# Mill ID help



## jmhoying (Aug 29, 2013)

Hello,
  I picked up a mill yesterday and it's a bit of a mystery.  The owner said that years ago, the head of his Bridgeport locked up so he replaced it with the head off of a Millport.  Although the mill body is in good condition, I'm questioning if it is indeed a Bridgeport body.  The only markings (clues) on it is a safety sticker from Enco.  Did all Bridgeports have the logo cast into the arm?  Here are a few photos.






Thanks for any help,
Jack
Fort Loramie, Ohio


----------



## Rennkafer (Aug 29, 2013)

I'm thinking you might have an import mill.  The big lump above the column ways isn't something I've ever seen on a real BP but a bunch of the Taiwanese mills have them (mine included).


----------



## Richard King (Aug 29, 2013)

I also think it is not a Bridgeport as I have never seen the bump too plus the cover on the back of the colum.  Another thing is to look at the table end brackets and see if they are pinned either by a roll pin of taper pin.  I don't believe Millport pined those brackets. Also Millports use a cheap lube pump and Bridgeport uses a BiJur.  Take a few more pic's on the machine on all sides.   I just looked again at the Pictures.  Bridgeport uses one table lock that one has 2.  Plus like you said I have never not seen the name Bridgeport on the ram.   
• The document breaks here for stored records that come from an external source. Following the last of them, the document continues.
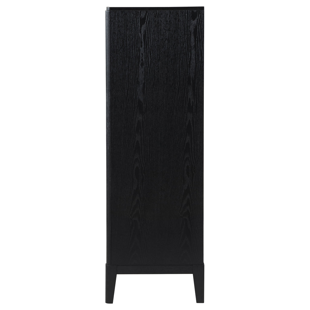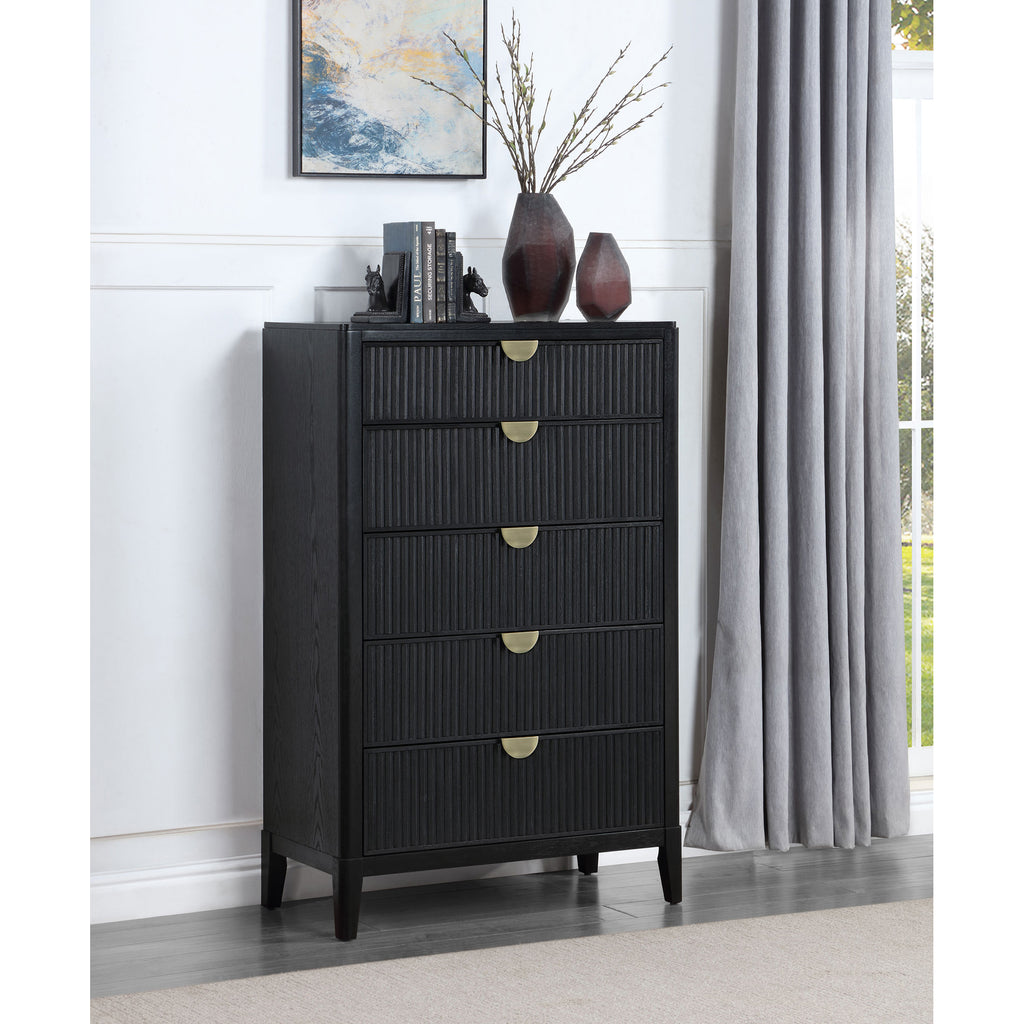 A compact footprint pairs with plentiful storage in a modern five-drawer chest that showcases decorative fluted details and bold hardware. Its black finish is rich and refined, while demi-lune pulls in an antique brass tone add warmth and sophistication to ample interior storage.
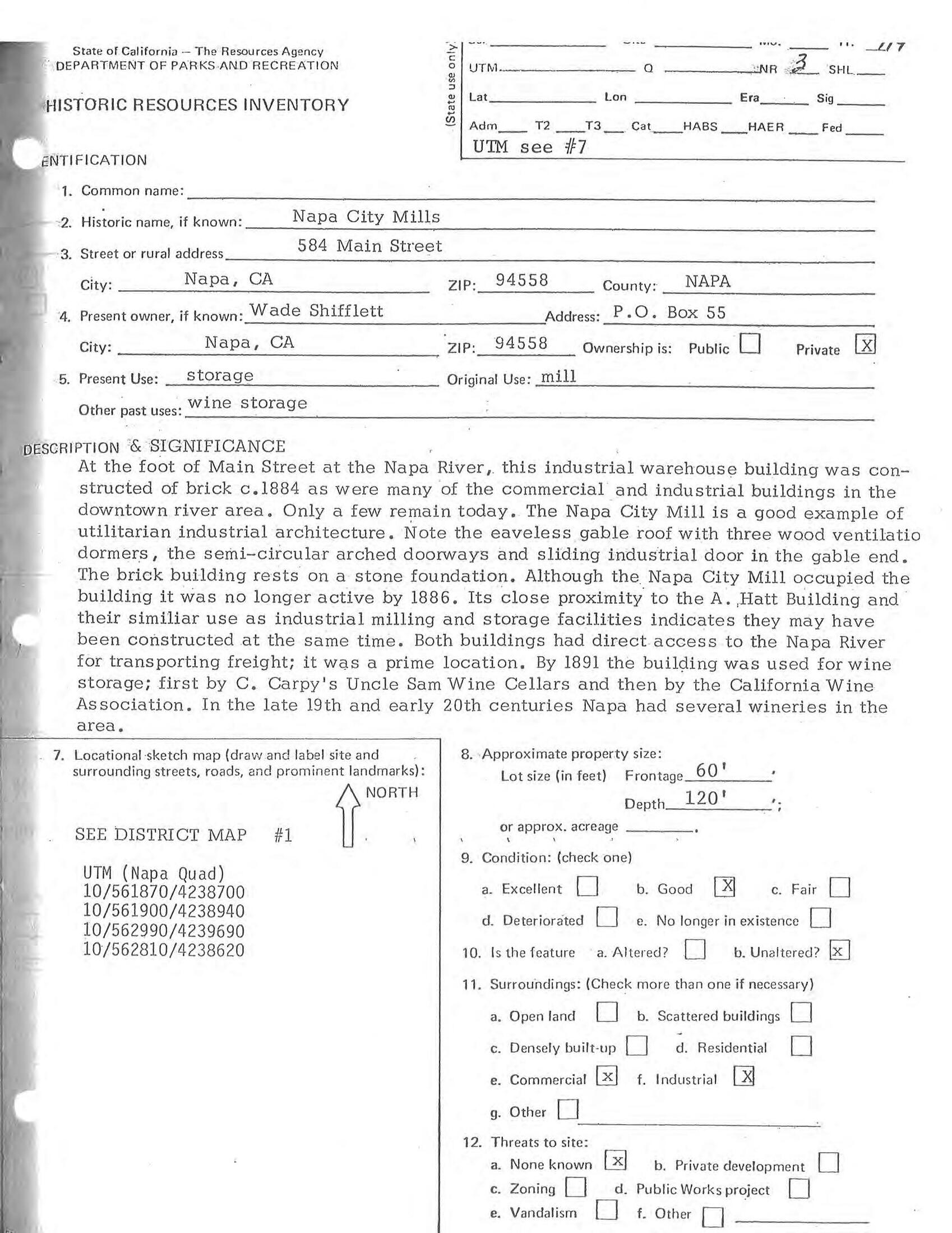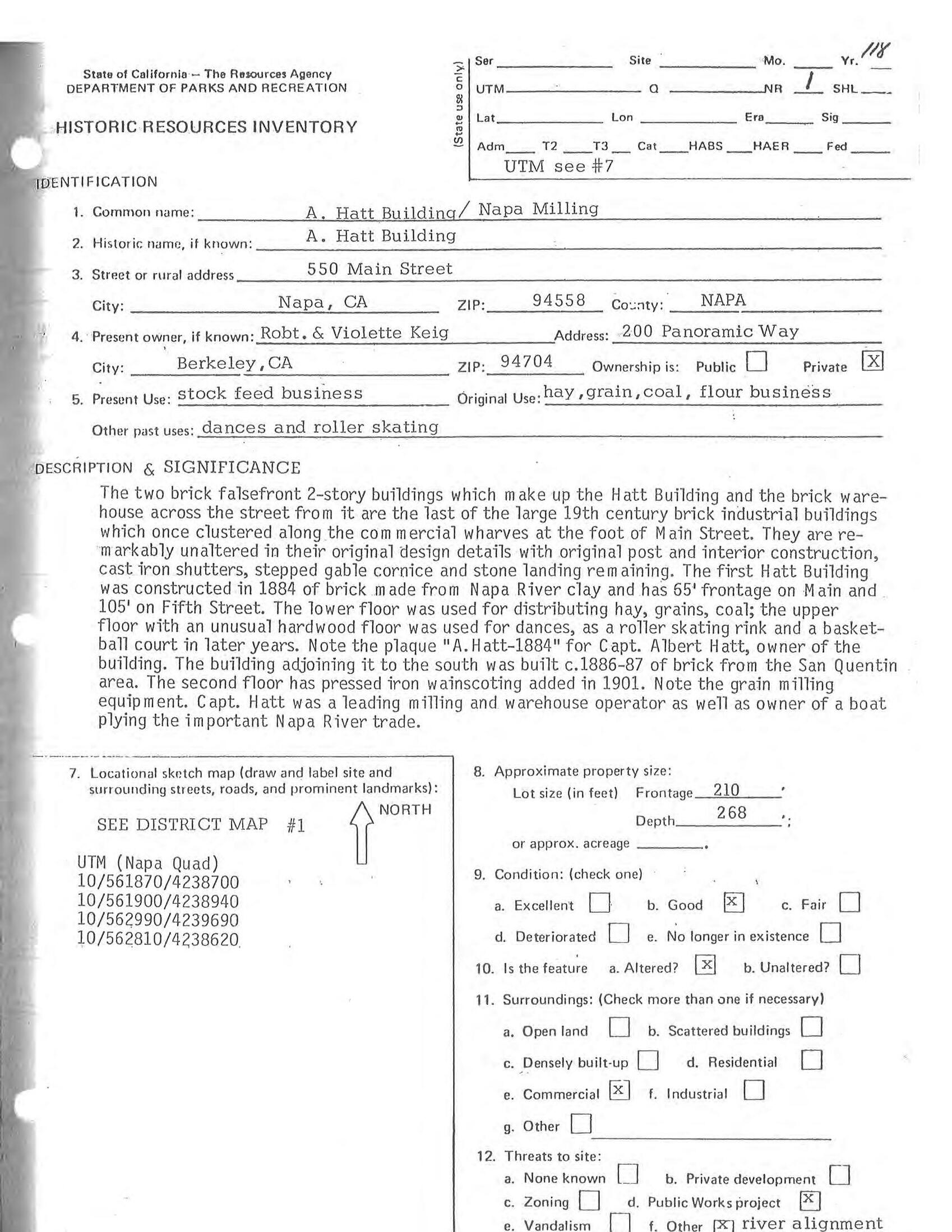 The Hatt Building/Napa Milling Complex at 550 Main Street (APNs 003277002000, 003277003000, 003277006000, 003277007000, 003277008000, 003275003000) was surveyed and listed in the National Register of Historic Places in 1974. The complex was also listed in the City of Napa Historic Resources Inventory (HRI) as a Landmark Property in 1977. The resource was recorded in the California Historical Resource Information System database with a California Historical Resource Status Code (CHRSC) of “1S,” indicating that it is an “Individual property listed in NR by the Keeper. Listed in the CR.”
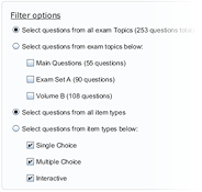 Put an end to answering and re-answering question you have a firm grasp of - fiolter your delivered questions by topic, exam sets, or even by question type! Choose to only answer questions with single answers, multiple choice, or interactive answer such as drag an drop.
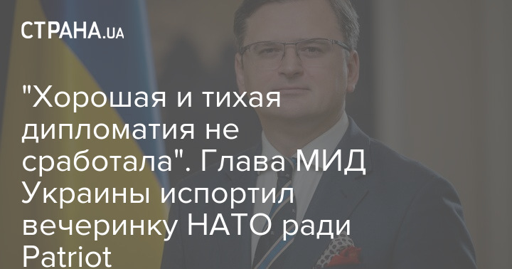 Министр иностранных дел Дмитрий Кулеба хочет получить от Запада дополнительные простаивающие батареи ПВО "Patriot" и больше не будет просить вежливо.
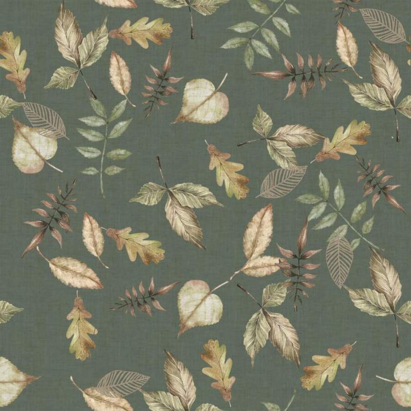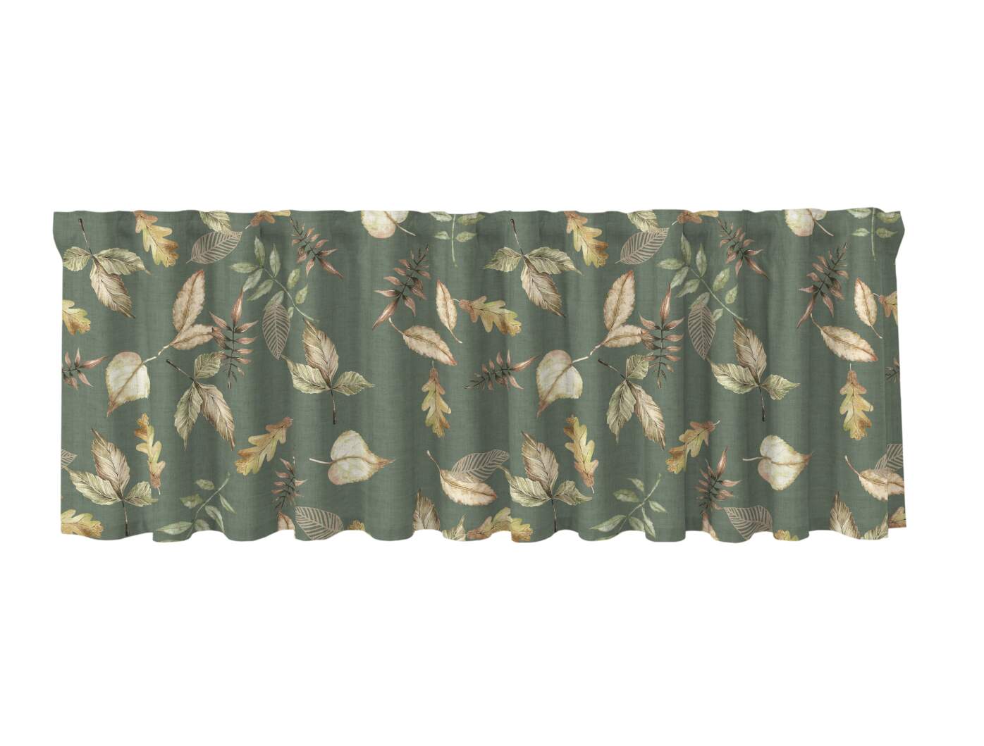 Gardinkappa FALLING EMBER på metervara med löv i brunt på grön bottenfärg
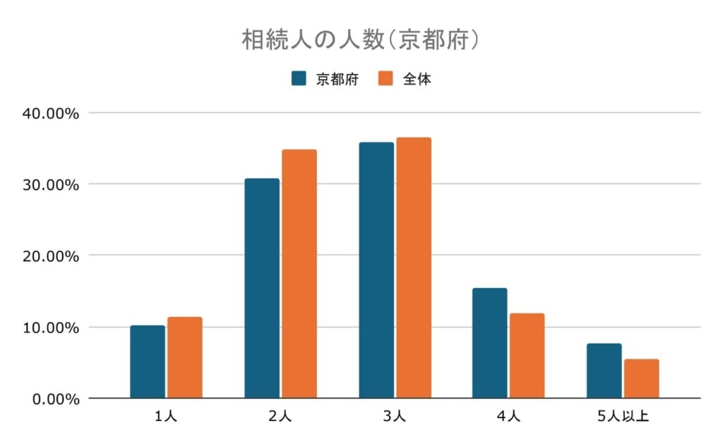 京都府の相続では相続人3人が35.90%と最も多く、次いで2人が30.77%、4人が15.38%、1人が10.26%、5人以上が7.69%となりました。
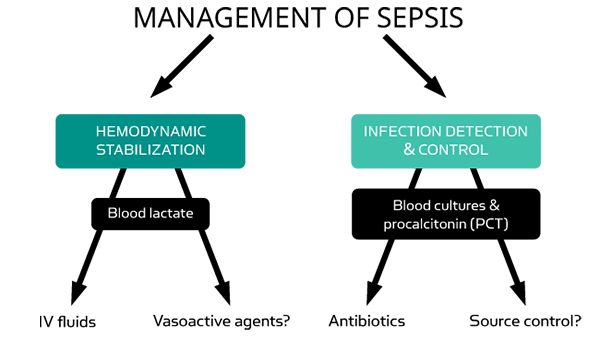 Lactat und PCT sind zusätzliche Marker zur Unterstützung der Diagnose und Behandlung einer Sepsis und eines septischen Schocks.

 Millports  don't have the resale price as a Bridgeport and are less quality all around.  If they are well cared for like anything else they are a 1/2 way decent machine.

Rich


----------



## Rennkafer (Aug 30, 2013)

Richard King said:


> Bridgeport uses one table lock that one has 2.



Later Bridgeports have two... I'm not sure what year they added the second one.


----------